Radar trends to watch: May 2022 – O’Reilly

April was the month for large language models. There was one announcement after another; most new models were larger than the previous ones, several claimed to be significantly more energy efficient. The largest (as far as we know) is Google’s GLAM, with 1.2 trillion parameters–but requiring significantly less energy to train than GPT-3. Chinchilla has ¼ as many parameters as GPT-3, but claims to outperform it. It’s not clear where the race to bigger and bigger models will end, or where it will lead us. The PaLM model claims to be able to reason about cause and effect (in addition to being more efficient than other large models); we don’t yet have thinking machines (and we may never), but we’re getting closer. It’s also good to see that energy efficiency has become part of the conversation.

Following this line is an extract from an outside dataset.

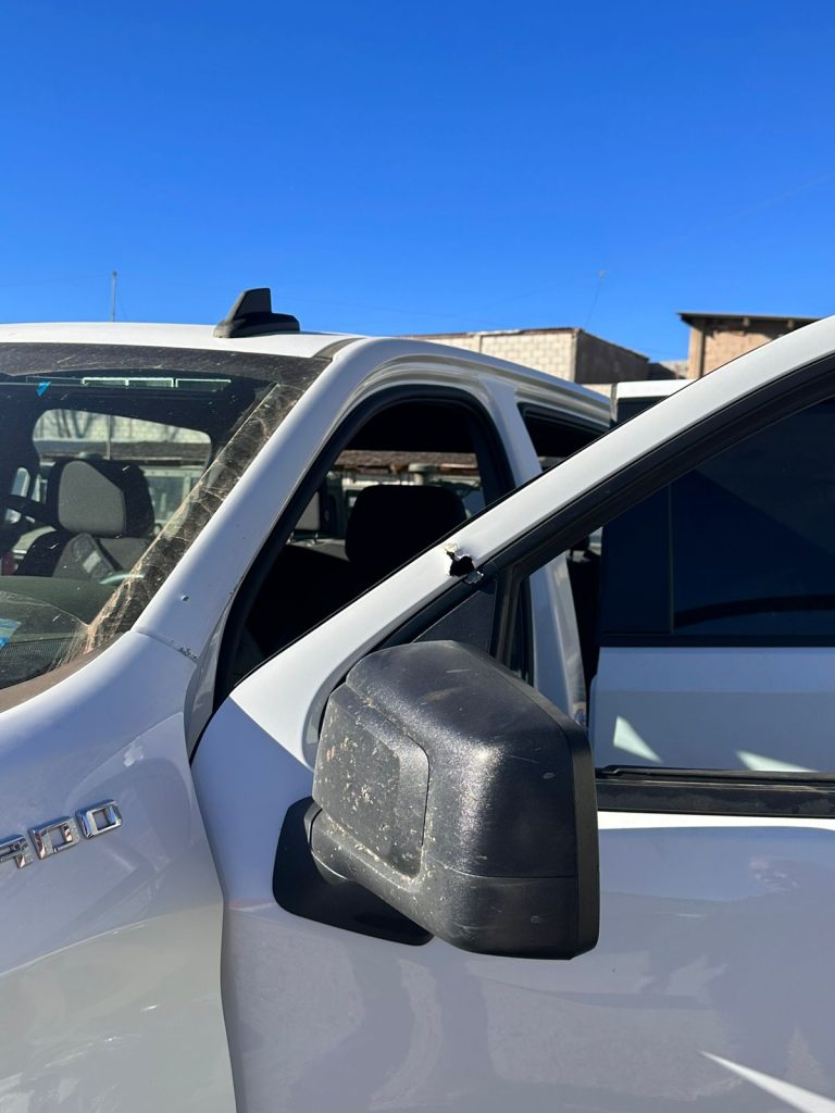 Fue asegurado un vehículo Nissan, Frontier de color blanco, sin reporte de robo, con placas sobrepuestas del estado de Nuevo León y se embalaron aproximadamente 50 cartuchos percutidos calibres .223 y 9 mm.

  • Google has created GLAM a 1.2 trillion parameter model (7 times the size of GPT-3).  Training GLAM required 456 megawatt-hours,  ⅓ the energy of GPT-3. GLAM uses a Mixture-of-Experts (MoE) model, in which different subsets of the neural network are used, depending on the input.
  • Google has released a dataset of 3D-scanned household items.  This will be invaluable for anyone working on AI for virtual reality.

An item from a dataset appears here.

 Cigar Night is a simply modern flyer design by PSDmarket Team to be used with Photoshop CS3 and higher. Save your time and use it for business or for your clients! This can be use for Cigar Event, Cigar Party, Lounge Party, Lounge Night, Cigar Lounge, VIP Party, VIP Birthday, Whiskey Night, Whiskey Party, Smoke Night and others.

  • FOMO (Faster Objects, More Objects) is a machine learning model for object detection in real time that requires less than 200KB of memory. It’s part of the TinyML movement: machine learning for small embedded systems.

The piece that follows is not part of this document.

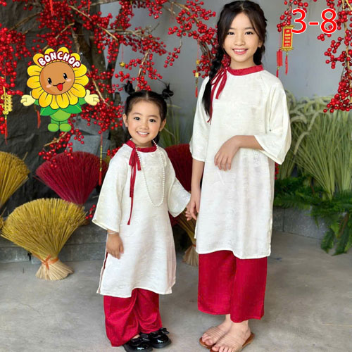 A471244 - Áo dài Tết cho các thiên thần nhỏ gấm lụa cao cấp hình Hoa mai Hồng Phúc An Nhiên_Size 3-8

  • LAION (Large Scale Artificial Intelligence Open Network) is a non-profit, free, and open organization that is creating large models and making them available to the public. It’s what OpenAI was supposed to be. The first model is a set of image-text pairs for training models similar to DALL-E.
  • NVidia is using AI to automate the design of their latest GPU chips
  • Using AI to inspect sewer pipes is one example of an “unseen” AI application. It’s infrastructural, it doesn’t risk incorporating biases or significant ethical problems, and (if it works) it improves the quality of human life.
  • Large language models are generally based on text. Facebook is working on building a language model from spoken language, which is a much more difficult problem.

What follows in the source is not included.